Comparative Example 3
In Example 1, in place of ammonium zirconium carbonate, zirconium oxynitrate (“ZN” manufactured by Daiichi Rare Element Chemical Industries, Ltd.) was used except that 3.95 parts (10% by weight of PVA resin in terms of ZrO ₂ ) was used. An aqueous coating solution and a multilayer structure were prepared in the same manner as in Example 1 and evaluated in the same manner. The results are shown in Table 1.

Comparative Example 4
In Example 1, instead of ammonium zirconium carbonate, 4.94 parts of zirconium oxychloride ("ZC-20" manufactured by Daiichi Rare Element Chemical Industry Co., Ltd.) (10% by weight of PVA resin in terms of ZrO ₂ ) was used. Except for the above, an aqueous coating solution and a multilayer structure were prepared in the same manner as in Example 1 and evaluated in the same manner. The results are shown in Table 1.

[Table 1]

From the above results, the multilayer structure having a coating layer of an aqueous coating solution in which ammonium carbonate is blended with a PVA resin having a 1,2-diol structure in the side chain of Example 1 is a gas barrier under high humidity.

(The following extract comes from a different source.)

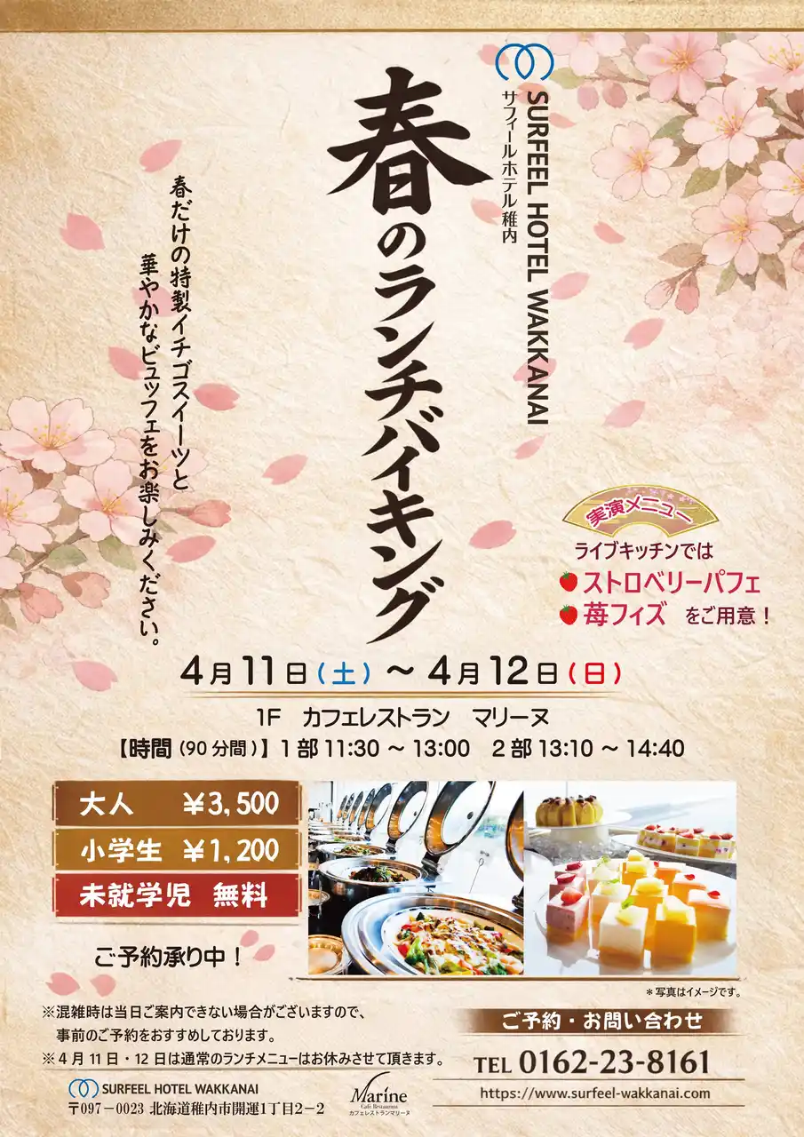 | サフィールホテル稚内(北海道・稚内市)では、春の味覚“いちご”を心ゆくまで楽しめるランチバイキング を2026年4月11日(土)・12日(日)の期間限定で開催いたします。 | |||

It was excellent in properties.
On the other hand, a sufficient gas barrier property was not obtained with a metal compound known as a metal-based crosslinking agent for a PVA-based resin having no 1,2-diol structure in the side chain without using a crosslinking agent.

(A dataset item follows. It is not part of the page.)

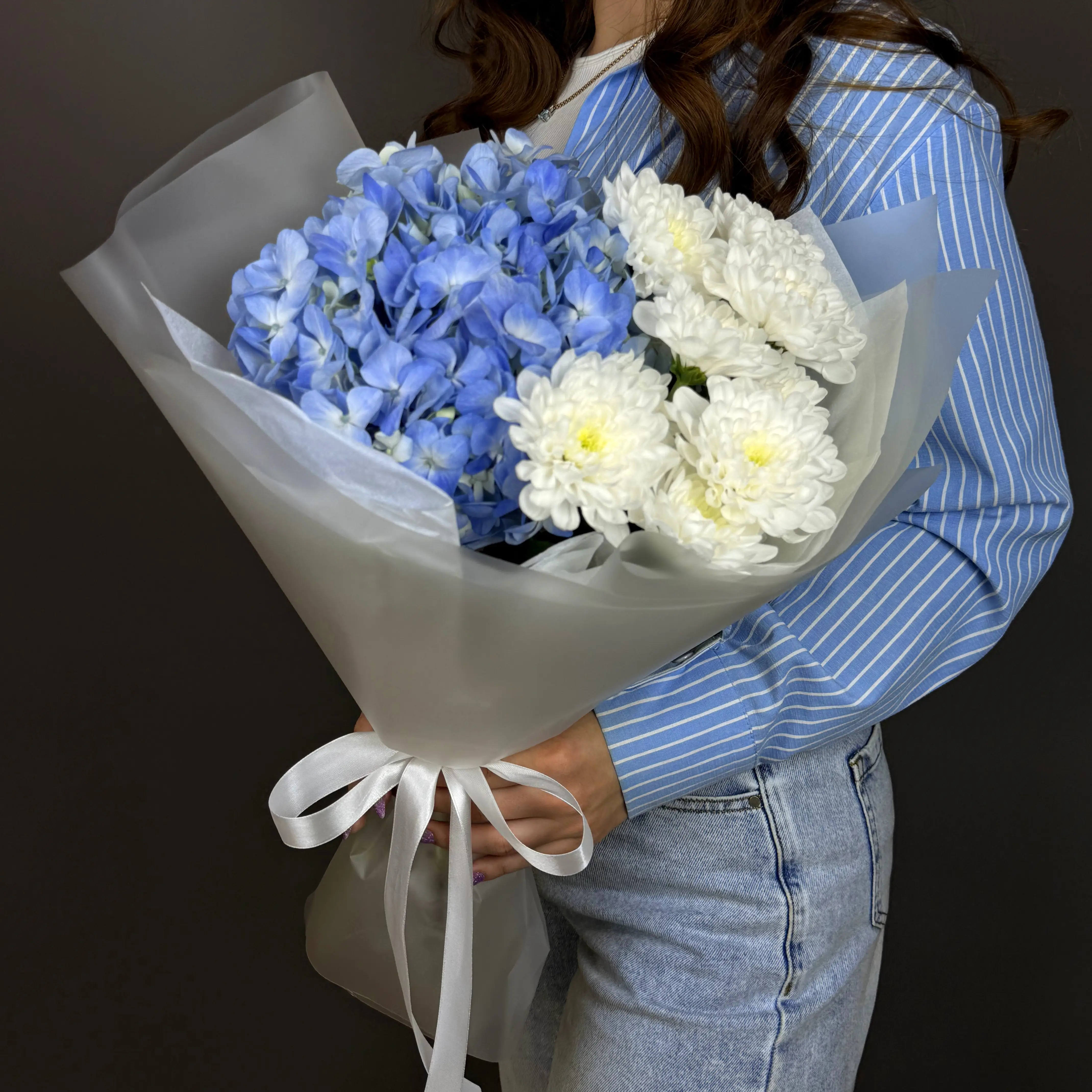Вашему вниманию предлагается изумительный букет, в котором нежная голубая гортензия встречает свою компанию с кустовой хризантемой. Эта композиция воплощает собой гармонию и стиль, радуя взгляд своими мягкими линиями и изысканными оттенками.

  Since the aqueous coating liquid of the present invention provides a coating layer having excellent gas barrier properties under high humidity, it can be used as a gas barrier protective layer for various substrates, or for foods, chemicals, agricultural chemicals, cosmetics, electronic parts, etc. It is suitable as a gas barrier layer in a multilayer structure used as a packaging material, particularly as a packaging material requiring boil / retort treatment.

Claims (5)

An aqueous coating solution obtained by blending ammonium zirconium carbonate as a crosslinking agent in a PVA resin containing a structural unit represented by the following general formula (1).

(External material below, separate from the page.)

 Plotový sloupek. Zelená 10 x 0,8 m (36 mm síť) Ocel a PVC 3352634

[Wherein R ¹ , R ² and R ³ each independently represents a hydrogen atom or an organic group, X represents a single bond or a bond chain, and R ⁴ , R ⁵ and R ⁶ each independently represent hydrogen. Indicates an atom or an organic group. ] The aqueous coating solution according to claim 1, wherein the compounding amount of ammonium zirconium carbonate is 2 to 20 parts by weight with respect to 100 parts by weight of the PVA resin. The aqueous coating solution according to claim 1 or 2, wherein the pH at 20 ° C is 6 to 14. A gas barrier coating layer obtained by coating and drying the aqueous coating solution according to any one of claims 1 to 3 on a support substrate. A multilayer structure having at least one coating layer according to claim 4.